Tek-Tips is the largest IT community on the Internet today!

Members share and learn making Tek-Tips Forums the best source of peer-reviewed technical information on the Internet!

  • Congratulations Mike Lewis on being selected by the Tek-Tips community for having the most helpful posts in the forums last week. Way to Go!

CSS, disabled links

Status
Not open for further replies.
Jun 5, 2006
28
US
Hi
I have the following two lines in my code (see below) the only difference is that the title is different in each and one is disabled while the other is not. I created a css style see below which is applied to both. Is it possible to create two css styles and have one applied to the disabled link and one applied to the enabled link? (without modifying the class name of each)

.menuItem {
FONT-WEIGHT: bold;
FONT-SIZE: 11px;
CURSOR: hand;
}

<A class="menuItem" onmouseover="this.className='menuItem'" title="Test1" disabled onmouseout="this.className='menuItem'">
<A class="menuItem" onmouseover="this.className='menuItem'" title="Test2" onmouseout="this.className='menuItem'">

 
Not quite sure what you're trying to do here.
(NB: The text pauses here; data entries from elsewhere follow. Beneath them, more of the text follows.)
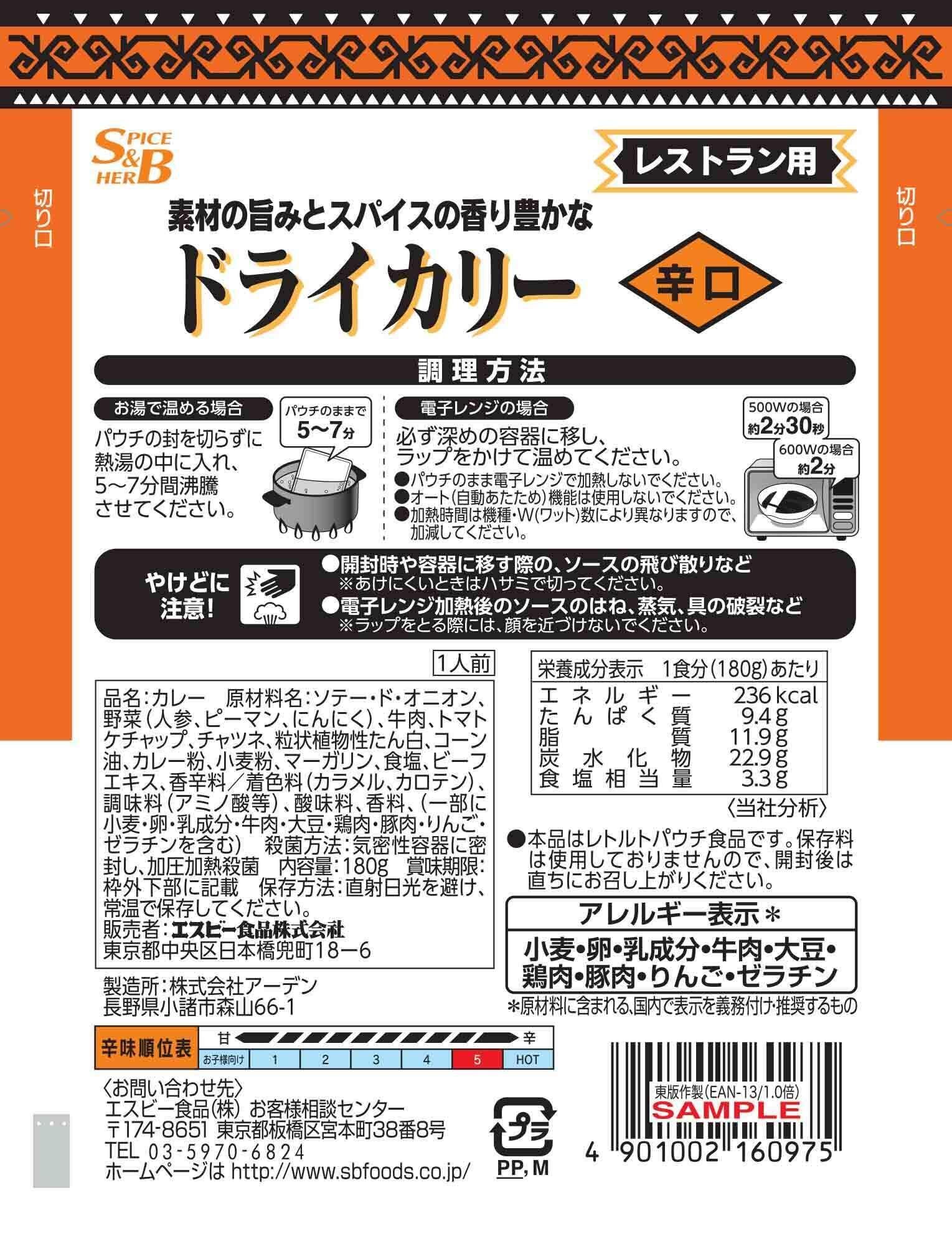 原材料:ソテー・ド・オニオン、野菜(人参、ピーマン、にんにく)、牛肉、トマトケチャップ、チャツネ、粒状植物性たん白、コーン油、カレー粉、小麦粉、マーガリン、食塩、ビーフエキス、香辛料/着色料(カラメル、カロテン)、調味料(アミノ酸等)、酸味料、香料、(一部に小麦・卵・乳成分・牛肉・大豆・鶏肉・豚肉・りんご・ゼラチンを含む)
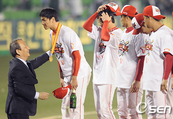 경기 종료후 시상식에서 유영구 총재가 선수들에게 우승메달을 걸어주고 있다./ ajyoung@osen.co.kr
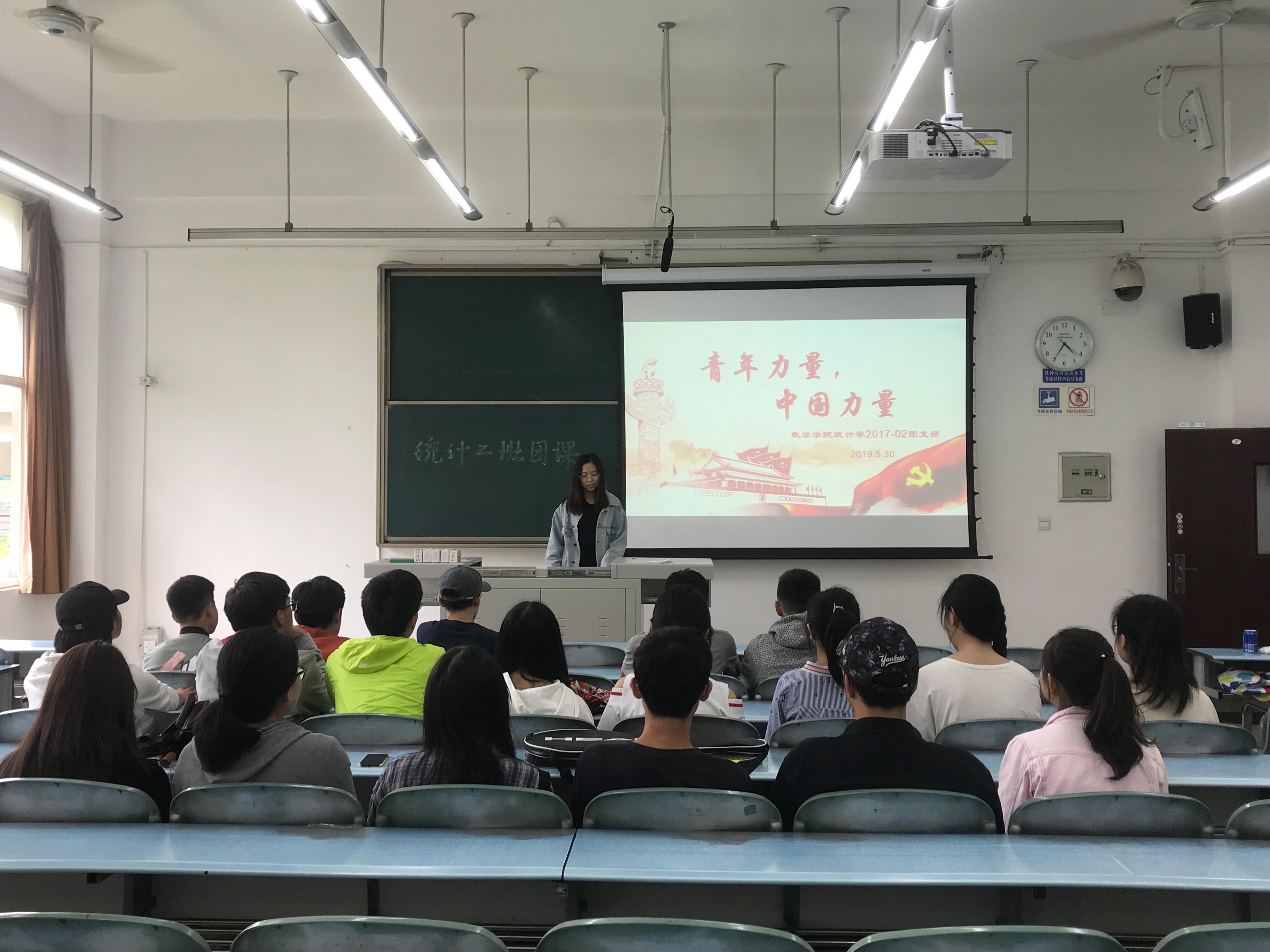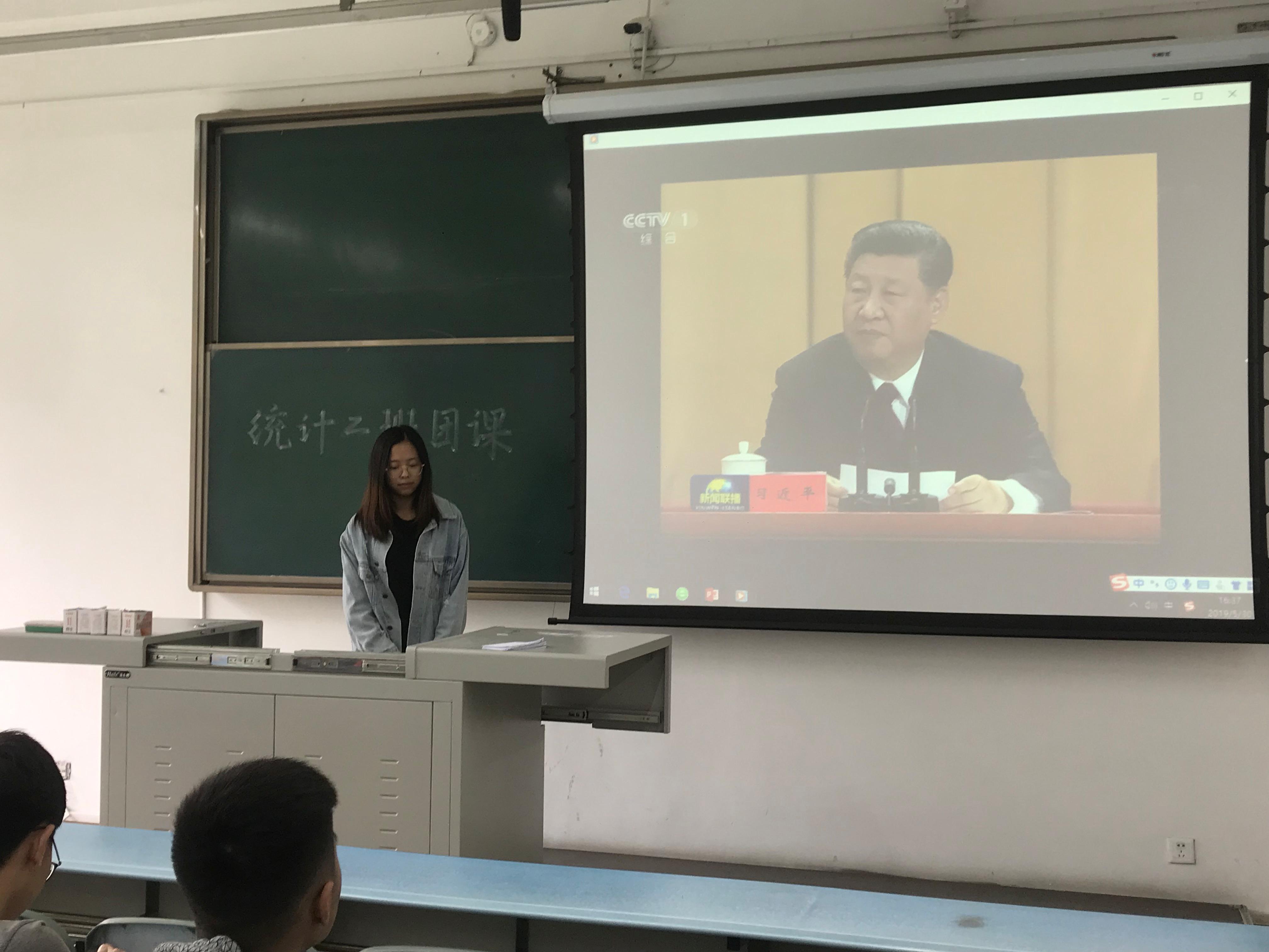 为了深入了解贯彻习近平新时代中国特色社会主义思想和党的十九大精神、习近平总书记“7·2”重要讲话精神,纪念“五四运动”100周年,5月30日下午4点30分,437bwin必赢国际统计学2017-02团支部组织开展了“青年力量,中国力量”主题团日活动。本次团课由团支书俞子歆主持。
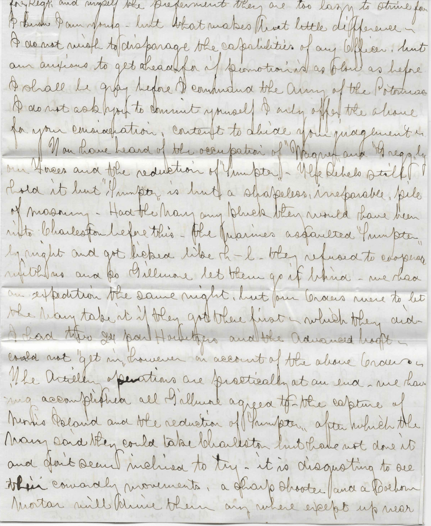 You have heard of the occupation of [Forts] Wagner and Gregg by our forces and the reduction of “Sumpter.” The rebels still hold it but “Sumpter” is but a shapeless, irreparable pile of masonry. Had the Navy any pluck, they would have been into Charleston before this. The Marines assaulted “Sumpter” by night and got licked like hell. They refused to cooperate with us and so Gillmore let them go it blind. We had an expedition the same night but our orders were to let the Navy take it if they got there first, which they did. I had the 24 pounder Howitzers and the Advanced boat. Could not “get in” however on account of the above order. The artillery operations are practically at an end—we having accomplished all Gillmore agreed to—the capture of Morris Island and the reduction of “Sumpter” after which the Navy said that they could take Charleston but have not done it and don’t seem inclined to try. It is disgusting to see their cowardly movements. A sharpshooter and a Coehorn Mortar will drive them anywhere except up near the Rebel Batteries and we have not any ordnance here heavy enough to do that.
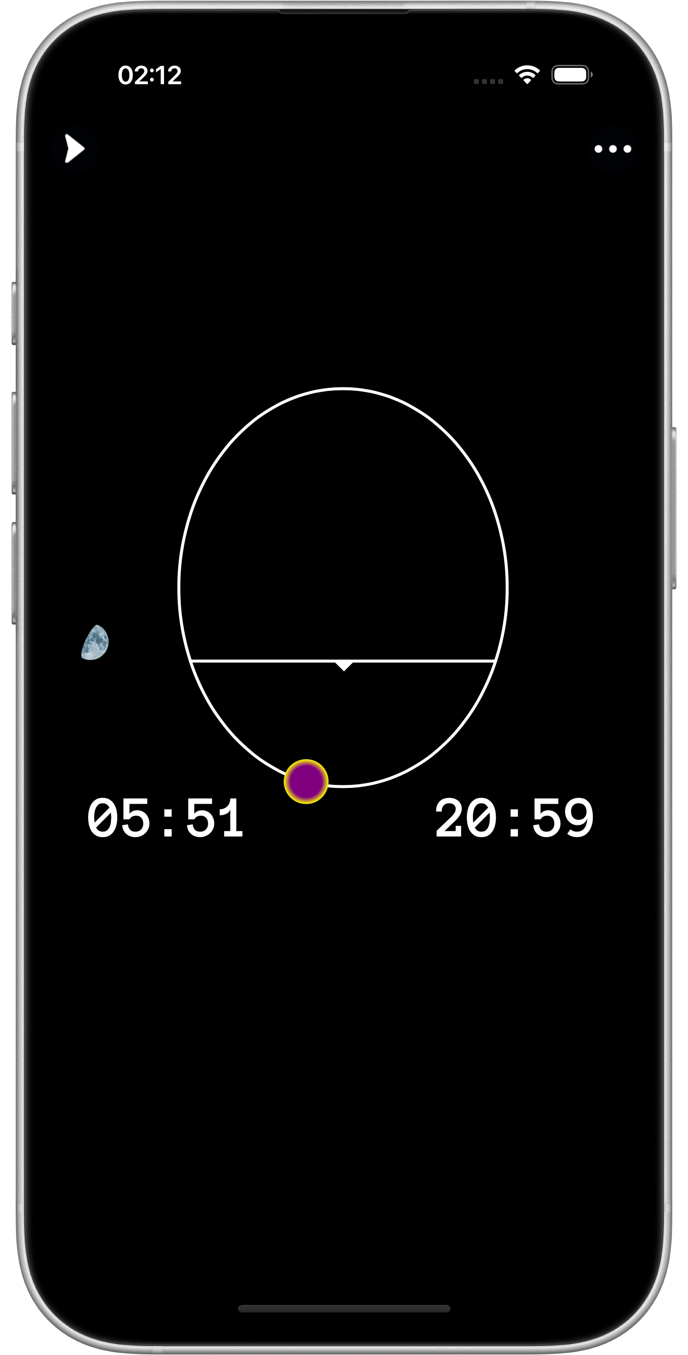 of clock time (-8:30 ≤ δt ≤ +1:10) and watch simulation time and δt flow, and the crescent (not the Moon)
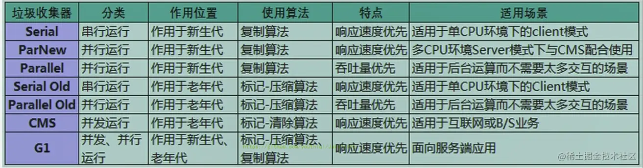 - 虽然我们会对各个收集器进行比较,但并非为了挑选一个最好的收集器出来。没有一种放之四海皆准、任何场景下都适用的完美收集器存在,更加没有万能的收集器。所以我们选择的只是对具体应用最合适的收集器。
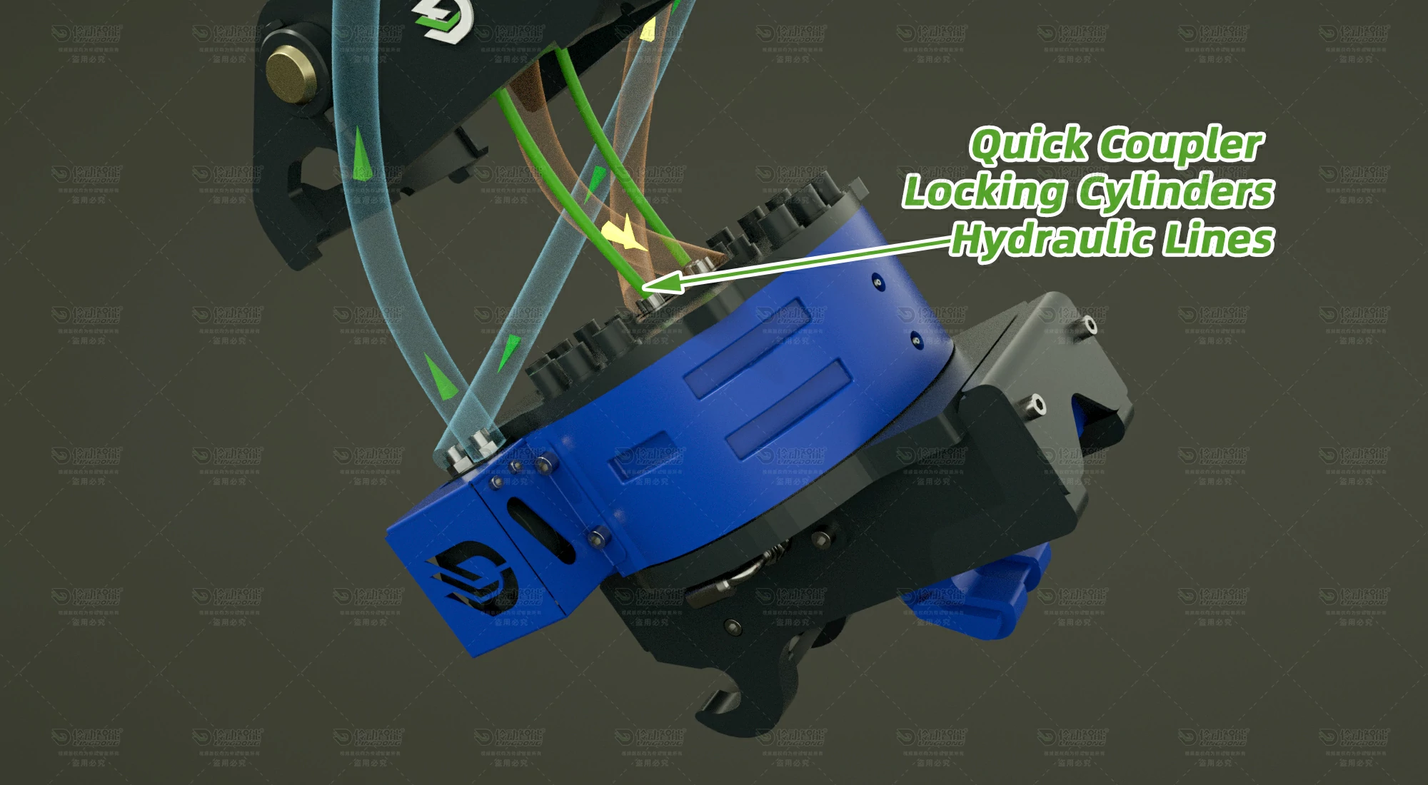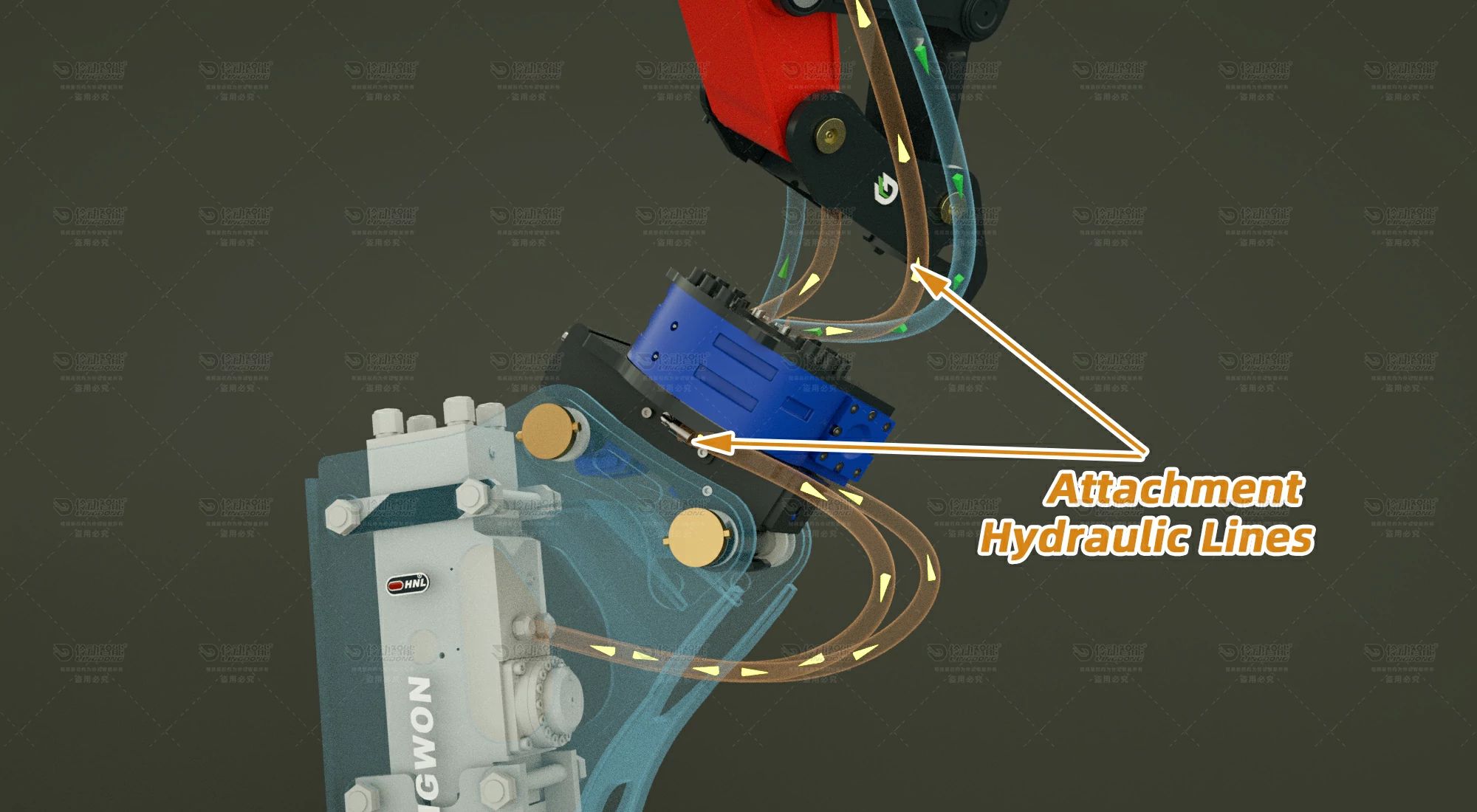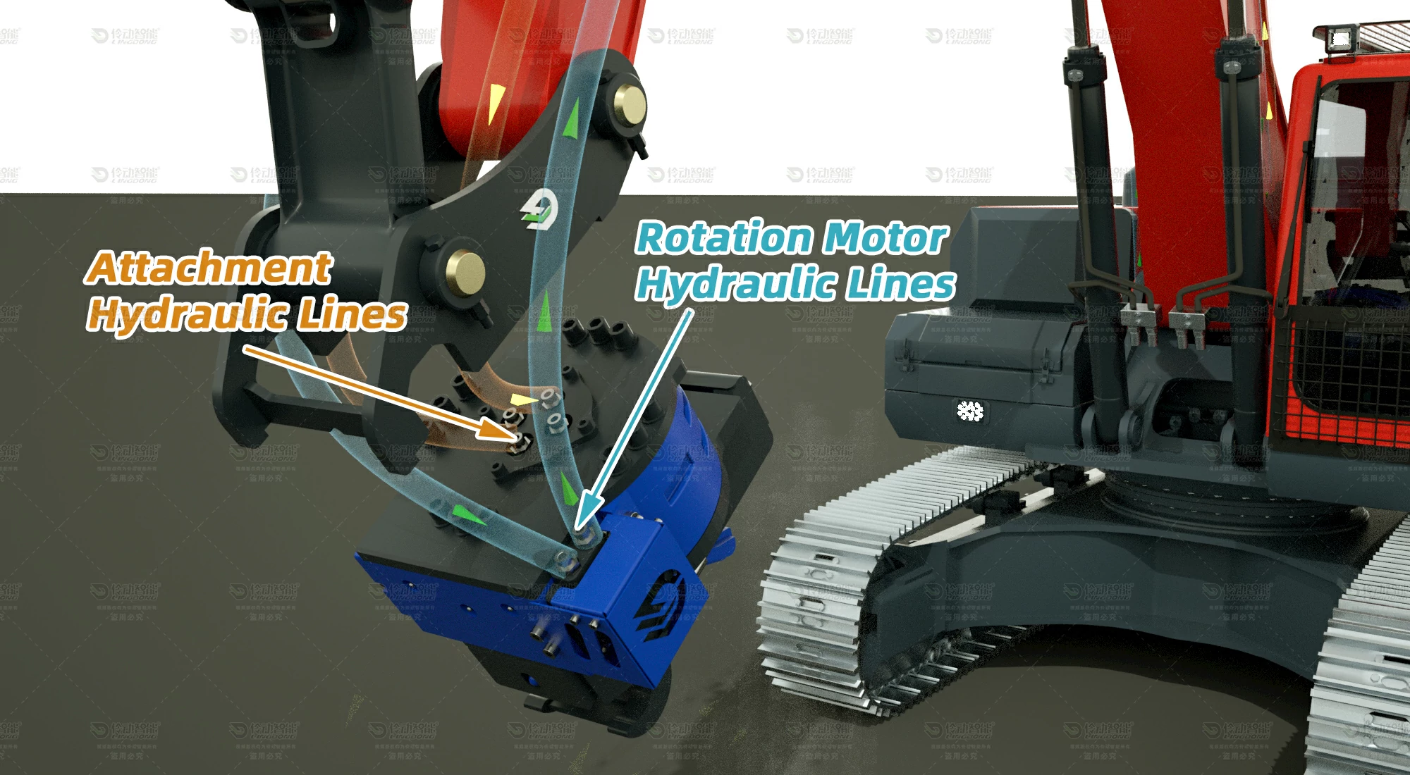 The orange lines connect to the central hydraulic swivel in the middle of the Lingdong Rotating Quick Coupler.

The links you provide here are missing an href.
They also have a class of menuItem, then it appears you are trying to apply the class of menuItem (again) when the mouse if over them and then apply it yet again when the mouseout event fires.

Why not just use a:hover instead of the pointless javascript?

Code:
a.hover {  
   FONT-WEIGHT: bold;    
   FONT-SIZE: 11px;
   CURSOR: hand;
}


I'm also not sure if the disabled property works for links. You see, a disabled link is just not a link.


--
Tek-Tips Forums is Member Supported. Click Here to donate

<honk>*:O)</honk>

Tyres: Mine's a pint of the black stuff.
Mike: You can't drink a pint of Bovril.


 
Sorry the CSS above should be

Code:
a:hover {  
   FONT-WEIGHT: bold;    
   FONT-SIZE: 11px;
   CURSOR: hand;
}

--
Tek-Tips Forums is Member Supported. Click Here to donate

<honk>*:O)</honk>

Tyres: Mine's a pint of the black stuff.
Mike: You can't drink a pint of Bovril.


 
Re-reading your question and assuming the broken HTML is just a rushed example.

AFAIK the disabled attribute won't work on <a> tags. It *may* work in IE, but that's IE's fault.

You could use write a Javascript function to detect the disabled attribute but you may have to specify it like so:

Code:
<a href="something.html" disabled="disabled">My Link</a>

Or, you could totally omit the href attribute (in which case the tag becomes an anchor).
Or, just don't put an <a> around the 'link'.
Or, attach a 'return false;' to it's onclick event handler and change/append a class to make it look different.


--
Tek-Tips Forums is Member Supported. Click Here to donate

<honk>*:O)</honk>

Tyres: Mine's a pint of the black stuff.
Mike: You can't drink a pint of Bovril.


 
The disabled attribute is not supported on the <a> tag (except by IE, so tread carefully).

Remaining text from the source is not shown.